And also, remember Leo and his mum stopped and spoke to those officers.
At Sparky's at 315, why would you do that if you've just murdered your wife?
Why would you bring so much attention to a situation that you haven't cleaned up yet in front of your mum?
Yeah, it's just like you've apparently just murdered her, left her in that trailer,
and then you're running around drawing loads of attention to the fact that she's missing.
Why wouldn't you be dealing with the imminent problem of the fact that you've murdered your wife?
And also, Kristen, Leo's younger sister, saw him bring his mum home.
their mum at 3.30 in the morning. And Kristen saw her dad asleep in his room and said she would have
heard if he left. The prosecution would later claim that all of the Schofields were in on it
together and covering up for Leo. And yes, it is less than ideal that it's his family
vouching for him during certain times that night. But we know that Leo went to Michelle's dad's
place and he spoke to those officers. And those people don't have any reason to lie for him.
You just have to do quite a lot of mental gymnastics and question a lot of people's stories
in order to trust Nosey Parker, Alice Scott. Yeah. And look, I am not saying at this juncture
that I'm like, that's enough evidence that Leo didn't do it. We're poking holes in Alice Scott's story
because it doesn't make any sense. It doesn't mean that Leo didn't do it. It just means what she's saying
is completely like lacking any sort of credibility.
But the prosecution love it, the police love it, so let's stick with her for now.
To Alice Scott tells the police that after he left at 150 a.m.,
she saw Leo come back to the trailer at 2.10 a.m.
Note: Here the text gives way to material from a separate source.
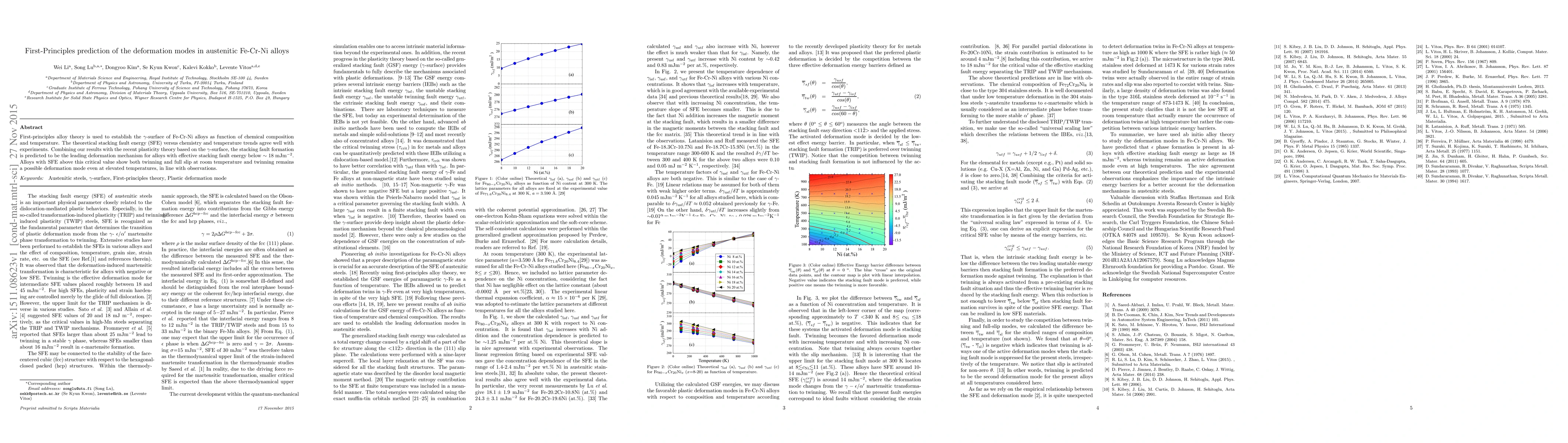 First-principles alloy theory is used to establish the $\gamma$-surface of Fe-Cr-Ni alloys as function of chemical composition and temperature. The theoretical stacking fault energy (SFE) versus chemistry and temperature trends agree well with experiments. Combining our results with the recent plasticity theory based on the $\gamma$-surface, the stacking fault formation is predicted to be the leading deformation mechanism for alloys with effective stacking fault energy below about 18 mJ m$^{-2}$. Alloys with SFE above this critical value show both twinning and full slip at room temperature and twinning remains a possible deformation mode even at elevated temperatures, in line with observations.

So he's been gone for about 20 minutes.
And yes, Alice Scott is still up and still watching everything from her bathroom window,
which is what she claims.
According to Alice, he goes back into the trailer and 10 minutes later he comes back out
and this time he's carrying something heavy that he places into his car, the orange
master.
We only have Leo and his stepmom's word for it as to what they were doing at this point
because they were driving around at this point looking for Michelle.
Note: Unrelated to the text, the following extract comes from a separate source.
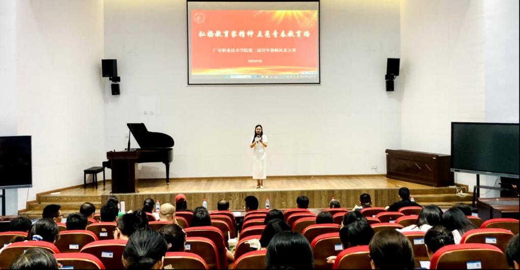 7月4日下午,为深入践行“四有”好老师标准,全面加强教师队伍建设,提升青年教师综合素质,学校在滨江校区翔凤厅举行了以“弘扬教育家精神点亮青春教育路”为主题的第二届青年教师风采大赛。各二级学院及职能部门负责人、教师代表150余人现场观摩。

So of course they could be lying.
Of course his stepmom could be lying for him.
But Alice later changes this timeline because this timeline that she's giving is the first version.
She later changes this story and says that it was probably more like 233 a.m.
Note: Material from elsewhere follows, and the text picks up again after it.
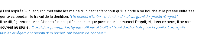 Signification du terme « hochet », parution de 1932, dictionnaire académique Français.

When she saw Leo carrying that heavy object out of his trailer and putting it into his car.
And this makes no sense because we know that was the time that Leo was at his father-in-law's house.
Now look, eyewitness testimony, eyewitnesses in general are notoriously bad.
And Alice Scott was definitely a busy body
who watched her neighbours all the time
and called the police all the time.
Oh, fucking hell.
She would have loved Facebook.
Yeah.
Oh, yeah.
Fuck it all.
She's a nightmare in this sense.
And look, maybe to give Alice Scott
the biggest benefit of the doubt,
maybe because she does this all the time,
she's getting her nights confused.
Maybe she's thinking about another night
in which these things did happen
and these were the times.
Because Leo, when he's told about this,
something heavy he was carrying out,
I was like, yeah, I have a fucking amp that I take to band practice and it is heavy.
But he's like, anybody looking at it would know goddamn well that it's an amp.
So she's lying.
And he's like, I didn't do it that night, but he could have done it another night.
So maybe she's confused.
And look, if we didn't have Leo confirmed to be with other people in other places at the same point that Leo says she saw him at the trailer doing all of these things,
her confusion over the exact timings wouldn't bother me as much.
Like I wouldn't be sitting here being like, well, one minute you said it was two,
the next minute you say it's three, the next minute you say it's 130, like which is it?
I would be like, she's probably just confused, but maybe this did really happen.
The fact that there is direct contradictory evidence that is backed up by other people
as to where Leo is the same time she says he's at the trailer, that's what makes me not believe her, right?
It just doesn't match up with so many people's accounts of that 90.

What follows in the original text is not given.